(RAW DATA)
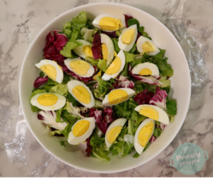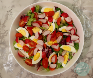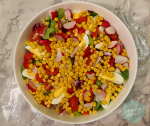 W większej misce rozłożyć sałatę. Dodać ugotowane jajka na twardo pokrojone w ósemki, pomidorki przekrojone na połowę wzdłuż, rzodkiewki pokrojone w ćwiartki, odsączoną kukurydzę.
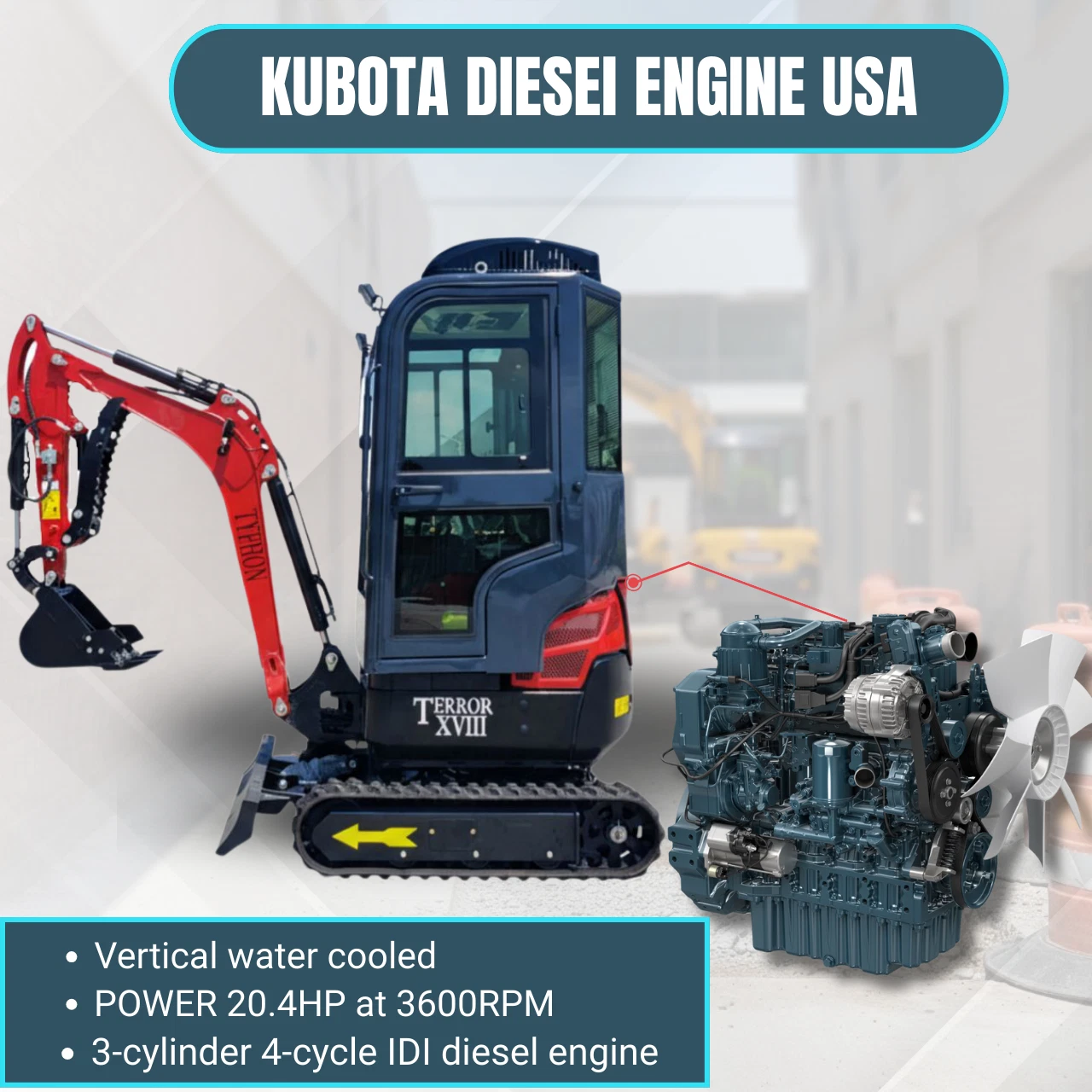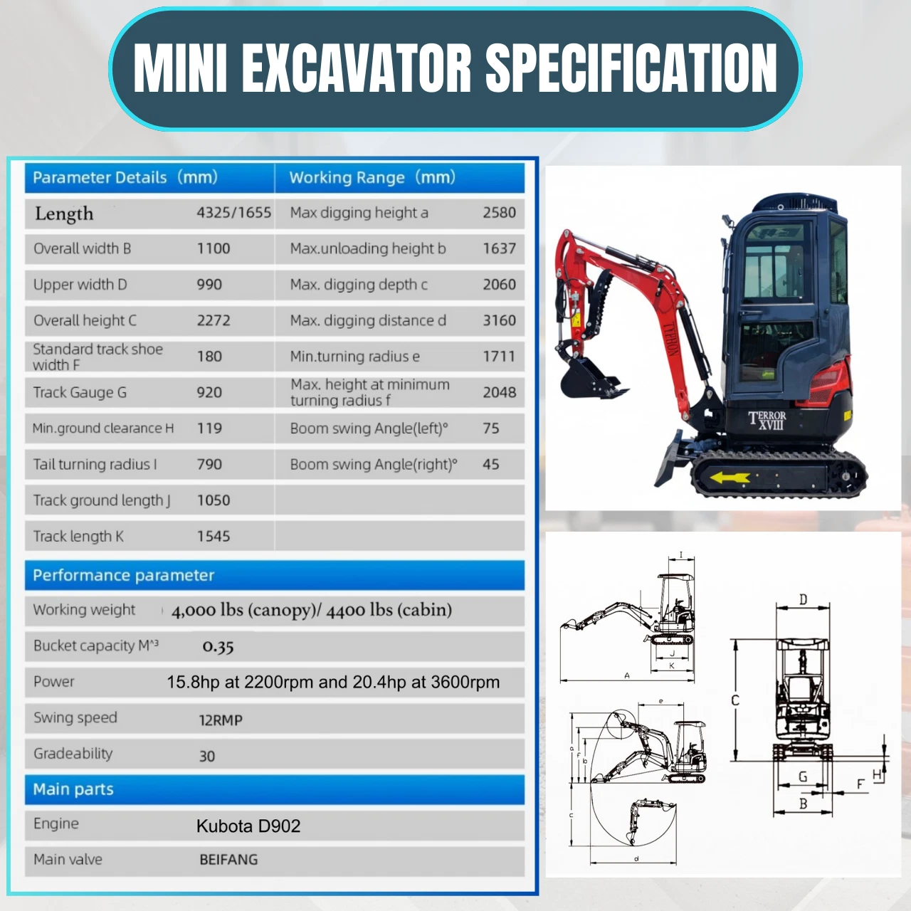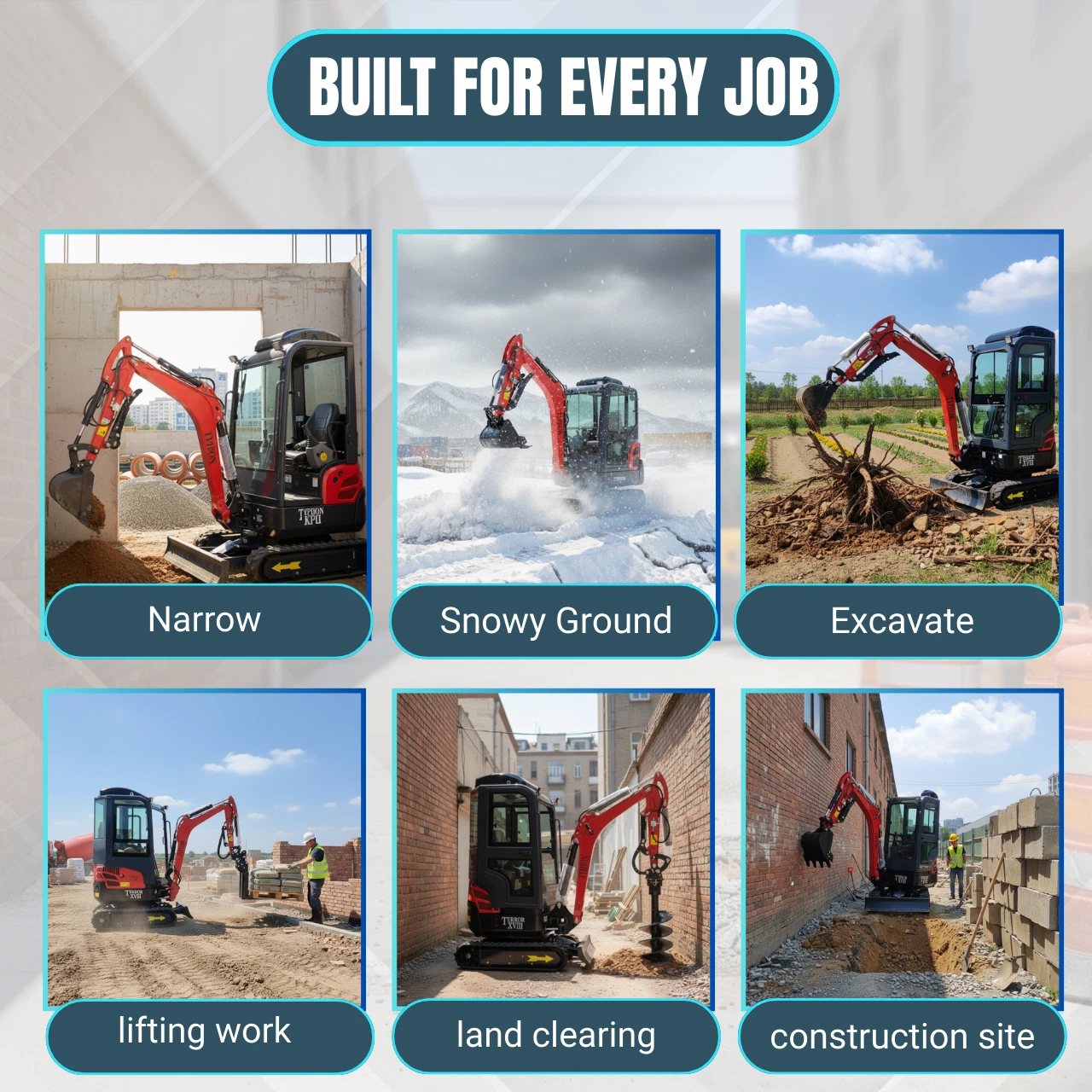 Most mini excavators force you to choose between power and precision β or between size and versatility. The TYPHON TERROR XVIII Prestige gives you all of it. At just 1,100 mm wide, it fits where full-size machines can't. With a Kubota D902 diesel engine, enclosed AC cabin, and 13 interchangeable attachments, it outperforms machines twice its size.
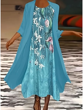 女性用 ドレスセット サマードレス カジュアル フォーマル フラワー グラフィック 多層式 プリント ミディドレス 七分袖 クルーネック 日常 祝日 ブルー パープル オレンジ 夏 春 レギュラー
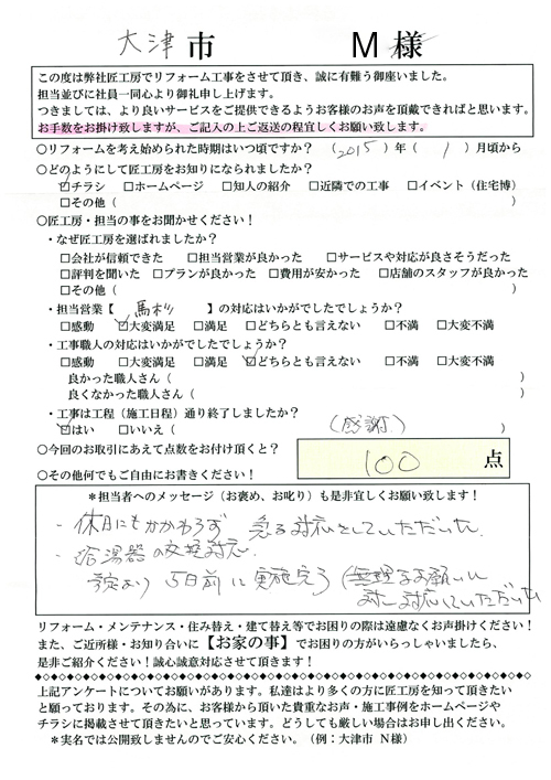 工事ご依頼頂き誠にありがとうございました。給湯器が使えないとご連絡頂いた後、運よく早めに施工させて頂く事が出来、本当に良かったです。これからもよろしくお願い致します。
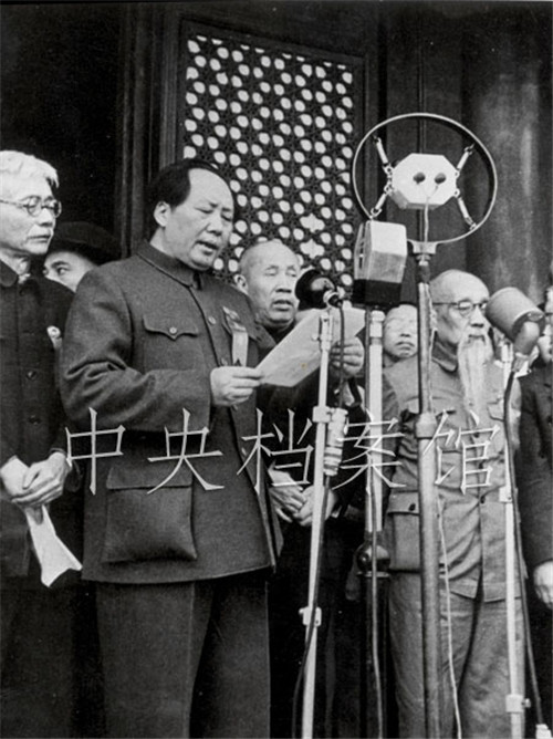 毛泽东在开国大典上宣读《中华人民共和国中央人民政府公告》。
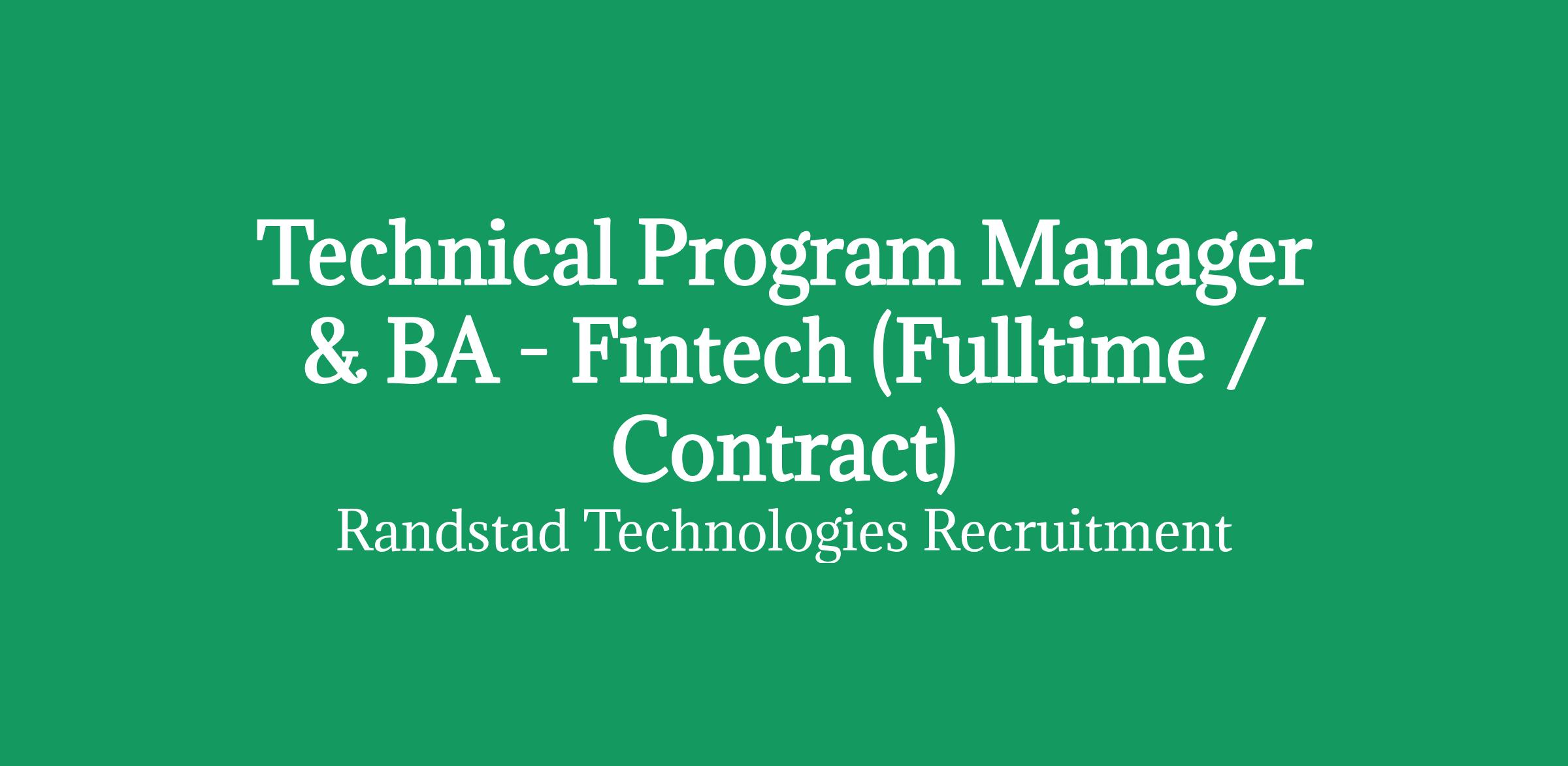Technical Program Manager & BA - Fintech (Fulltime / Contract)
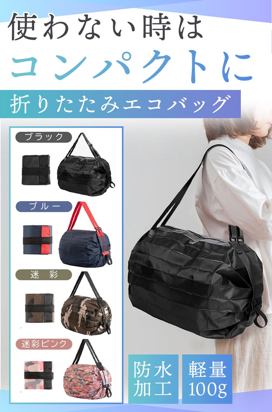 【商品特徴】①わずか100gの軽量:軽量且つコンパクトで持ち運びに便利!/②高耐久ストラップ:耐久性や伸縮性に優れ長く使える/③耐荷重に優れた素材:重いものや大きいものにもしっかり対応/④お買い物や旅行に:日常のあらゆるシーンに使用できる!
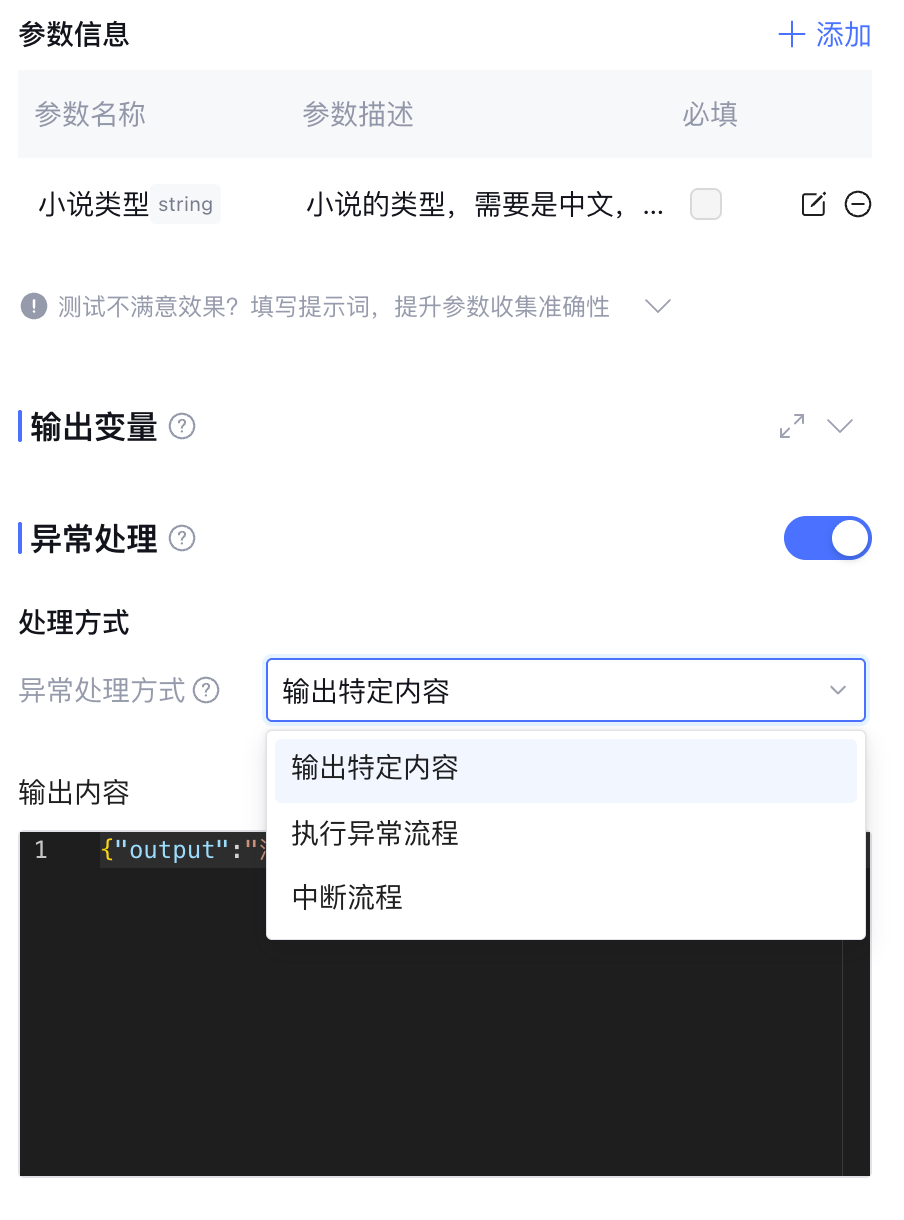 异常处理方式 | 支持“输出特定内容”、“执行异常流程”和“中断流程”三种 |
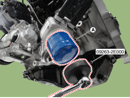 Снимите масляный фильтр (A) с помощью SST (09263-2E000, ключ для масляного фильтра).
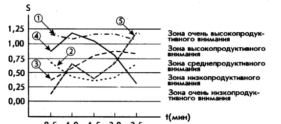 Кривая 5 – это график среднепродуктивного и крайне неустойчивого внимания.
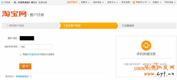 填寫(xiě)手機(jī)號(hào)碼,必須是未被注冊(cè)使用的手機(jī)號(hào)。 進(jìn)入該頁(yè)面,說(shuō)明之前提交的注冊(cè)信息已成功,此時(shí)您已有了一個(gè)未激活的淘寶賬戶,需要輸入手機(jī)收到的校驗(yàn)碼進(jìn)行激活,若您不小心把該頁(yè)面關(guān)閉了,不用著急,進(jìn)入登錄頁(yè)面輸入賬戶名和密碼,點(diǎn)擊“登錄”該頁(yè)面又會(huì)出現(xiàn)。 詳細(xì)<<
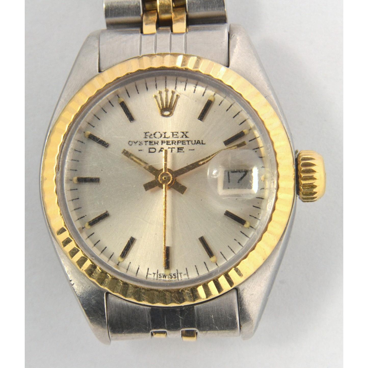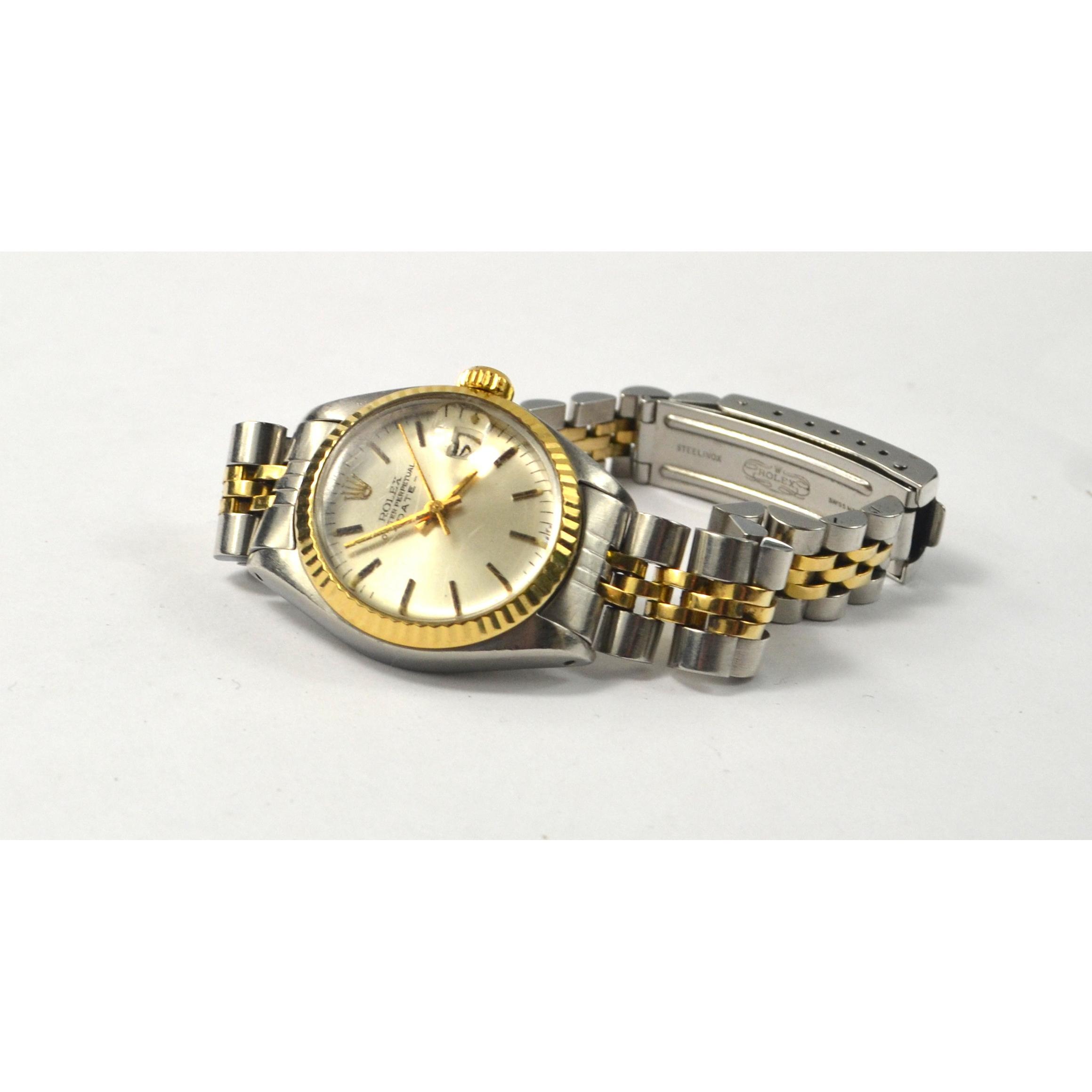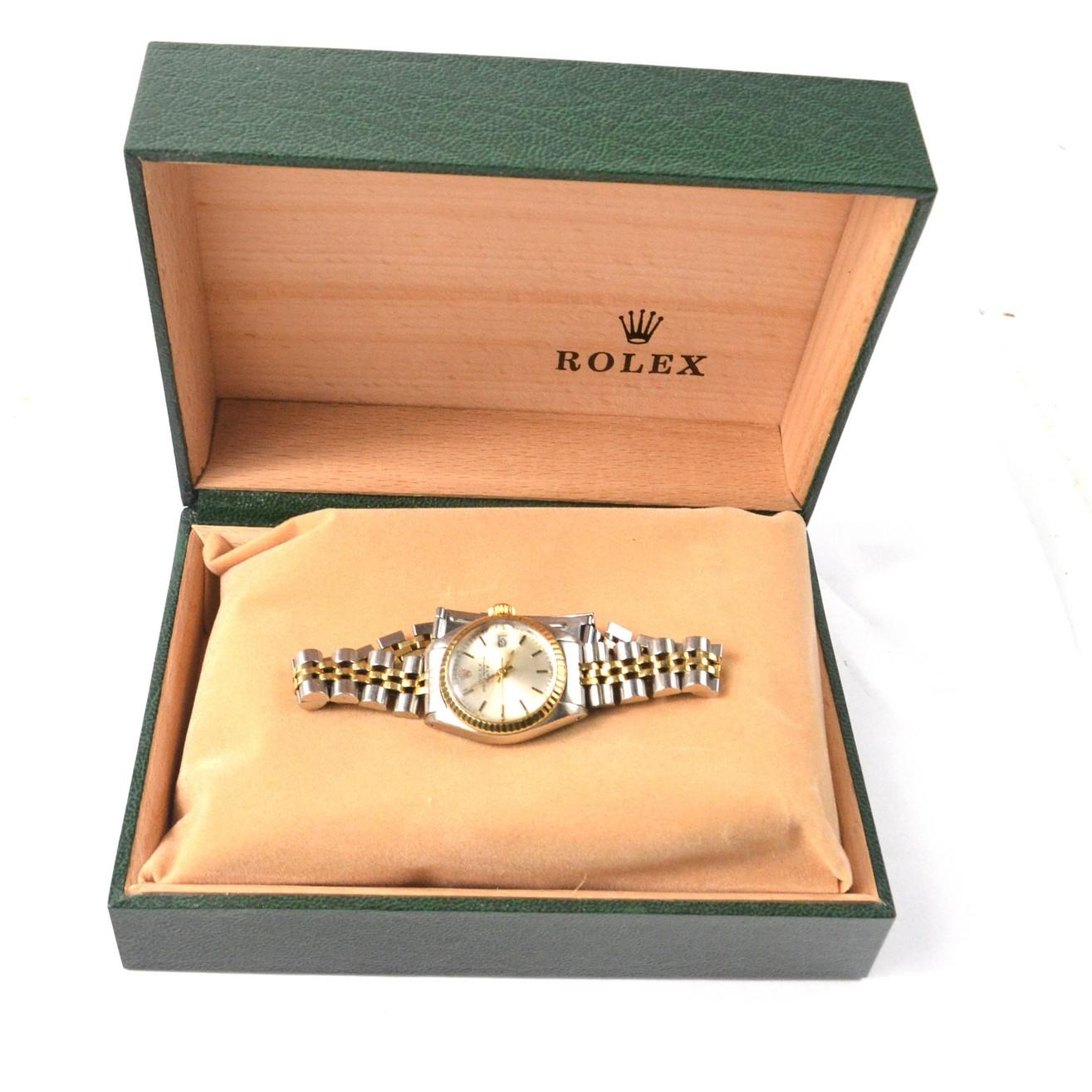 A 1978 ROLEX OYSTER PERPETUAL DATE JUST ladies 18 carat and stainless steel wrist watch with 18ct and stainless steel bracelet and dial etc serial No 5463230 and model No 6917F with original box, no certificates come with the watch, from one owner
(End RAW DATA)
= TASK DESCRIPTION =
Copy each of the entries above precisely, and drop whatever pictures they hold.

= RESPONSE TO THE TASK =
 W większej misce rozłożyć sałatę. Dodać ugotowane jajka na twardo pokrojone w ósemki, pomidorki przekrojone na połowę wzdłuż, rzodkiewki pokrojone w ćwiartki, odsączoną kukurydzę.
 Most mini excavators force you to choose between power and precision β or between size and versatility. The TYPHON TERROR XVIII Prestige gives you all of it. At just 1,100 mm wide, it fits where full-size machines can't. With a Kubota D902 diesel engine, enclosed AC cabin, and 13 interchangeable attachments, it outperforms machines twice its size.
 女性用 ドレスセット サマードレス カジュアル フォーマル フラワー グラフィック 多層式 プリント ミディドレス 七分袖 クルーネック 日常 祝日 ブルー パープル オレンジ 夏 春 レギュラー
 工事ご依頼頂き誠にありがとうございました。給湯器が使えないとご連絡頂いた後、運よく早めに施工させて頂く事が出来、本当に良かったです。これからもよろしくお願い致します。
 毛泽东在开国大典上宣读《中华人民共和国中央人民政府公告》。
Technical Program Manager & BA - Fintech (Fulltime / Contract)
 【商品特徴】①わずか100gの軽量:軽量且つコンパクトで持ち運びに便利!/②高耐久ストラップ:耐久性や伸縮性に優れ長く使える/③耐荷重に優れた素材:重いものや大きいものにもしっかり対応/④お買い物や旅行に:日常のあらゆるシーンに使用できる!
 异常处理方式 | 支持“输出特定内容”、“执行异常流程”和“中断流程”三种 |
 Снимите масляный фильтр (A) с помощью SST (09263-2E000, ключ для масляного фильтра).
 Кривая 5 – это график среднепродуктивного и крайне неустойчивого внимания.
 填寫(xiě)手機(jī)號(hào)碼,必須是未被注冊(cè)使用的手機(jī)號(hào)。 進(jìn)入該頁(yè)面,說(shuō)明之前提交的注冊(cè)信息已成功,此時(shí)您已有了一個(gè)未激活的淘寶賬戶,需要輸入手機(jī)收到的校驗(yàn)碼進(jìn)行激活,若您不小心把該頁(yè)面關(guān)閉了,不用著急,進(jìn)入登錄頁(yè)面輸入賬戶名和密碼,點(diǎn)擊“登錄”該頁(yè)面又會(huì)出現(xiàn)。 詳細(xì)<<
 A 1978 ROLEX OYSTER PERPETUAL DATE JUST ladies 18 carat and stainless steel wrist watch with 18ct and stainless steel bracelet and dial etc serial No 5463230 and model No 6917F with original box, no certificates come with the watch, from one owner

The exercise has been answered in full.